From: thepipeline_xyz
The Monad DB is a custom-built state database crucial for achieving high performance in blockchain technology, particularly for the Ethereum Virtual Machine (EVM) [00:04:51]. Its development stems from identifying significant bottlenecks in existing blockchain architectures.

The Bottleneck of State Access

While parallel EVM execution is a significant narrative in crypto, Monad discovered early on that merely implementing a parallel EVM algorithm did not lead to substantial performance improvements [00:03:18]. The primary bottleneck was identified as state access [00:03:32].

In Ethereum, state (account information, slot data) is stored on SSDs [00:03:41]. The cost of reading from an SSD is considerable [00:03:48]. Crucially, the databases used by Ethereum and other EVM-compatible blockchains, such as PebbleDB or RocksDB, do not natively support parallel access [00:03:54]. This means that even if multiple virtual machines run in parallel, they still bottleneck when accessing the database, effectively resulting in single-file execution [00:04:05].
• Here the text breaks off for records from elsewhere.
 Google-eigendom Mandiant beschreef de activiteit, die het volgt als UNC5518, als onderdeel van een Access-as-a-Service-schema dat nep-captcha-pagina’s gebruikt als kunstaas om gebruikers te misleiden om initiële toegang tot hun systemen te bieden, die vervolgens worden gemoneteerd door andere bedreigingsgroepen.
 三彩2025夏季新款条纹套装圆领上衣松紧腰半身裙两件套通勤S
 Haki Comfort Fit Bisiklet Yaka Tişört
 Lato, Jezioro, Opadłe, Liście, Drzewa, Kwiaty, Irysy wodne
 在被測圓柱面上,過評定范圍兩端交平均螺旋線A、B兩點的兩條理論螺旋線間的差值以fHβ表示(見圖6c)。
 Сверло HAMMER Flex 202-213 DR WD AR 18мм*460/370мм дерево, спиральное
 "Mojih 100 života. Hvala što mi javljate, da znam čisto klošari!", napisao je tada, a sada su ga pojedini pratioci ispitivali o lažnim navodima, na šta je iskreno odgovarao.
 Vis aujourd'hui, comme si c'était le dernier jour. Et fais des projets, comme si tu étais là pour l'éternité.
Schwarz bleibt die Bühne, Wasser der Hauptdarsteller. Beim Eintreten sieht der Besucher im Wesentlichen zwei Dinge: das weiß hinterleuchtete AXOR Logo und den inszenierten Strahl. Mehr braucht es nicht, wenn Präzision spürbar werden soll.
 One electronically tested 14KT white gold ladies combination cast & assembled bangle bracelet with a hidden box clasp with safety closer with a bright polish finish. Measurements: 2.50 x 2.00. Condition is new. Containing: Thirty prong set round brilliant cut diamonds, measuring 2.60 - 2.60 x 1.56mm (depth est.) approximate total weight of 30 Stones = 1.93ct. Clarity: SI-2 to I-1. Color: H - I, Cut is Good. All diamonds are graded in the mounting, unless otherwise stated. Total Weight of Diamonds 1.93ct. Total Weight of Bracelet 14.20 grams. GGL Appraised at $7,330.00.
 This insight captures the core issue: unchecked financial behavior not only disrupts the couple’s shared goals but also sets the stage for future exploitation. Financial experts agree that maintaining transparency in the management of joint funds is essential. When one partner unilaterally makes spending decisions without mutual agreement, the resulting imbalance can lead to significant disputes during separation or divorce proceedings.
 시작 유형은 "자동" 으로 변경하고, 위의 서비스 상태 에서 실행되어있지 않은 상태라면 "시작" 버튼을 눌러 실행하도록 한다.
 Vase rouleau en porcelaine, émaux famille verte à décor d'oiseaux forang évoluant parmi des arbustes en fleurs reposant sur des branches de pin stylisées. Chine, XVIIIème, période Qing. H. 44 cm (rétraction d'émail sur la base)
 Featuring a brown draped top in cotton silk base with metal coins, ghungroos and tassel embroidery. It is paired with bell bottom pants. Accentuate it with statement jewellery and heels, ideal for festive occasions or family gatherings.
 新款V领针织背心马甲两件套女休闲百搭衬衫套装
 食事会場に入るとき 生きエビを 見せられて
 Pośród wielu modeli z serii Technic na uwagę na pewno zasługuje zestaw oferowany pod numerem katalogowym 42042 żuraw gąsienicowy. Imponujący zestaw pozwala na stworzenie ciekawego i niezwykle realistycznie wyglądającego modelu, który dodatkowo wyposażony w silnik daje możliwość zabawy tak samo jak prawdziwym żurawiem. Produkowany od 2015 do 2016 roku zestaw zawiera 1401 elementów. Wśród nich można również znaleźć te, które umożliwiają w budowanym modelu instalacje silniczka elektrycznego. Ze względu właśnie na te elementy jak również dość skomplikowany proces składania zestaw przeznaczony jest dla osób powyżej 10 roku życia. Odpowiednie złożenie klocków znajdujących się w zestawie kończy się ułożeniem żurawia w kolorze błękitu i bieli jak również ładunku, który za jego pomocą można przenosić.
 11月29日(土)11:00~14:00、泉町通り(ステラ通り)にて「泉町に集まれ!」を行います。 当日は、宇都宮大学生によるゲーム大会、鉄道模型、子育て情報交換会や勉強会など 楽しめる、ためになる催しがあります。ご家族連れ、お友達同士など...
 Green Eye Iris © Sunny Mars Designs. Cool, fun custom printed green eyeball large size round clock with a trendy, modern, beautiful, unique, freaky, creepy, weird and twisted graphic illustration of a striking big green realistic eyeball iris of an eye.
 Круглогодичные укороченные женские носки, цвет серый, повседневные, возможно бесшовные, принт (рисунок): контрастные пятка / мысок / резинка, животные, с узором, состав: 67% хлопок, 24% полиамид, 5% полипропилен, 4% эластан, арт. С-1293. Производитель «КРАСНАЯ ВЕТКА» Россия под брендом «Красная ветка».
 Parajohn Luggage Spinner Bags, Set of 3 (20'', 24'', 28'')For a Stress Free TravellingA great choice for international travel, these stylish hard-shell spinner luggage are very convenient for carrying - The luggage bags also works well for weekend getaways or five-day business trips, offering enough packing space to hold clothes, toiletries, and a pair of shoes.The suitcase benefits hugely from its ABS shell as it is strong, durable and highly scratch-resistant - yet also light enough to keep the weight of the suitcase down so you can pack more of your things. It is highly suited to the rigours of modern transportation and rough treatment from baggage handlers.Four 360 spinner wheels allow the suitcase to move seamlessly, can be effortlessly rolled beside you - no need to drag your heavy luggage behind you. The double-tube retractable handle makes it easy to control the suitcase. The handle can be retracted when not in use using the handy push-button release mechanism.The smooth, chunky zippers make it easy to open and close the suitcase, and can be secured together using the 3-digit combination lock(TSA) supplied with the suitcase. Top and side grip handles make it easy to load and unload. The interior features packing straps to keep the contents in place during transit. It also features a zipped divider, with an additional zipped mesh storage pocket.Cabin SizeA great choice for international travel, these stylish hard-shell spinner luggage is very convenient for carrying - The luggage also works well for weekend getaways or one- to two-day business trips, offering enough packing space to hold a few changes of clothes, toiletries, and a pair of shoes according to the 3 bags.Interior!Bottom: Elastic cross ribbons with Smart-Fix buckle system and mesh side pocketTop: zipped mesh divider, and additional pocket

The most expensive parts of blockchain operations are:

  • Cryptography functions (e.g., elliptical curve cryptography, hashing) [00:09:11].
  • State access [00:09:21].

The business logic within most smart contracts is relatively inexpensive to execute compared to state access [00:09:21]. Paralyzing computation alone, therefore, yields minimal gains [00:09:44].

Limitations of General-Purpose Databases

Standard databases like LMDB, MDBX (B+ tree databases), and RocksDB, LevelDB (LSM trees) are general-purpose solutions [00:13:14]. While suitable for storing and searching general data, they are not optimized for the specific access patterns and performance requirements of a blockchain [00:13:34]. Their generic nature means they are “performant on average” but not for highly specialized, latency-sensitive applications like blockchain state management [00:13:50].

For instance, Go-Ethereum’s database structure involves embedding one data structure inside another on disk, which makes every request traverse two data structures, leading to a very expensive operation [00:12:47].

The Monad DB Approach

The realization of the state access bottleneck led Monad to develop a custom database [00:04:26] [00:14:29]. This approach draws inspiration from high-frequency trading (HFT), where specialized systems are built from scratch, optimizing every component to shave off latency [00:05:25] [00:14:05]. In HFT, standard libraries are avoided because customizing data structures to the specific trading model extracts significantly better performance from the hardware [00:13:59].

Applying this philosophy to blockchain, Monad recognized that understanding the exact data usage and storage patterns allows for building a database that leverages hardware capabilities to the maximum [00:14:16].

SSD Performance and Optimization

Modern SSDs are highly performant devices, capable of hundreds of thousands of I/O operations per second (IOPS) [00:12:09] [00:15:43]. However, many current blockchain clients using general-purpose databases fail to fully utilize this potential, resulting in poor performance [00:12:39].

A key aspect of Monad DB is its ability to drastically reduce the number of requests to the hardware. For instance, Monad DB might require only one or two requests to look up an account, whereas other data structures might make 20 requests for the same information if it’s not cached [00:16:46]. This “super optimization” extracts every last bit of performance from the SSD [00:16:59].

Avoiding Shortcuts

The “no shortcuts” philosophy adopted by Monad emphasizes deep optimization rather than simply throwing more expensive hardware at the problem [00:20:58]. A shortcut could be to require a very large amount of RAM to cache all state and avoid disk reads [00:11:37]. However, this is not sustainable for long-term growth and decentralization:

  • Cost: RAM is two orders of magnitude more expensive than SSDs (e.g., 2 TB of high-quality NVMe SSD costs about 20,000) [00:50:32].
  • Scalability: While state will grow over time, managing this growth is more feasible with affordable SSDs than constantly increasing RAM requirements [00:51:07].
  • Decentralization: High hardware requirements hinder participation from regular users, centralizing the network [00:21:17].

Instead of relying on excessive RAM, Monad focuses on:

  • Building systems from the ground up to be performant [00:07:07].
  • Deeply understanding the hardware and making informed engineering decisions [00:23:21].
  • Conducting extensive quantitative experimentation with different database types to identify and address engineering issues [00:23:25].
  • Focusing on micro-optimizations (e.g., optimizing Translation Lookaside Buffer for 5% gain) that collectively lead to significant speedups [00:30:09].
  • Questioning common assumptions (e.g., whether access lists are truly beneficial for performance) and validating them through measurement and experimentation [00:31:44].

This comprehensive approach, focusing on a custom state database and fine-grained optimizations, is essential for unlocking true performance gains and enabling the EVM to scale [00:33:03].